LEXINGTON, Ky. — Sister Michael Leo Mullaney, a former administrator at St. Joseph Hospital who helped contribute to the enhancement of health care across the state, died Wednesday at the age of 96.
Sister Michael Leo was born in Quincy, Mass. in 1922. In January 1953, she entered the Sisters of Charity of Nazareth and selected her father’s name as her religious name.
She graduated from the Bentley College of Accounting and Finance in Boston and later completed a master’s degree in hospital administration from St. Louis University. In 1966, she was appointed administrator at St. Joseph Hospital.
During her time working at St. Joseph Hospital, Sister Michael Leo liquidated the hospital’s $1 million debt, introduced computerization into the hospital offices, put into practice programs initiated by Medicare and Medicaid, and began plans to expand the hospital and services offered.
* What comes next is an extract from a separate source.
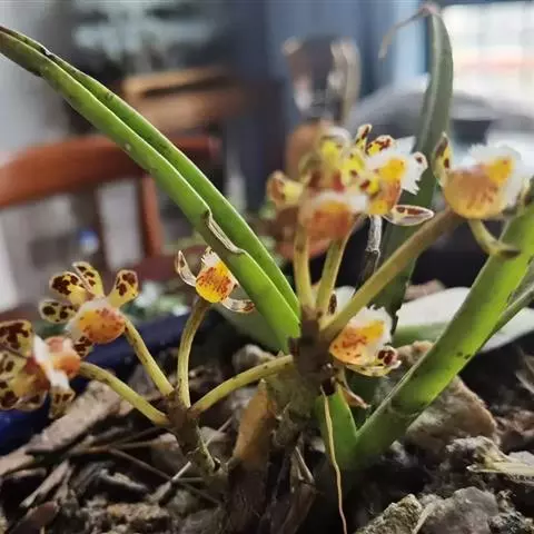 在春秋两季均可进行,一般每隔三年分株一次。凡植株生长健壮,假球茎密集的都可分株,分株后每丛至少要保存5个连结在一起的假球茎。分株前要减少灌水,使盆土较于。分株后上盆时,先以碎瓦片覆在盆底孔上,再铺上粗石子,占盆深度1/5至1/4,再放粗粒土及少量细土,然后用富含腐殖质的沙质壤土栽植。栽植深度以将假球茎刚刚埋入土中力度,盆边缘留2厘米沿口,上铺翠云草或细石子,最后浇透水,置阴处10-15天,保持土壤潮湿,逐渐减少浇水,进行正常养护。

Under Sister Michael Leo, hospital capacity increased from 285 to 468 beds, making St. Joseph Hospital the largest hospital at the time in Central Kentucky. Sister Michael Leo was responsible for top hospital innovations, including the first physician-staffed emergency room and the first cardiac intensive care unit in Central Kentucky, the first balloon angioplasty program in the state, the first hospital helipad in Lexington, and the first computerized tomography (CT) scan equipment in the state.
“Sister Michael Leo worked tirelessly to bring the best technology to St. Joseph Hospital and the Lexington community,” said Bruce Tassin, market CEO for KentuckyOne Health and president of St. Joseph Hospital. “Her work within the hospital helped enhance health care for the poor, and patients in our community truly benefitted from her dedication and ministry.”
In 1981, Sister Michael Leo was elected chair of the Kentucky Hospital Association, the first woman to hold this position in almost 40 years. In 1987, she received the Kentucky Hospital Association Distinguished Service Award for outstanding service to hospitals in Kentucky. In 1988, Sister Michael Leo was honored by The Bluegrass Chapter of The National Conference of Christian and Jews for outstanding leadership in fostering amity, justice and cooperation among those in Central Kentucky.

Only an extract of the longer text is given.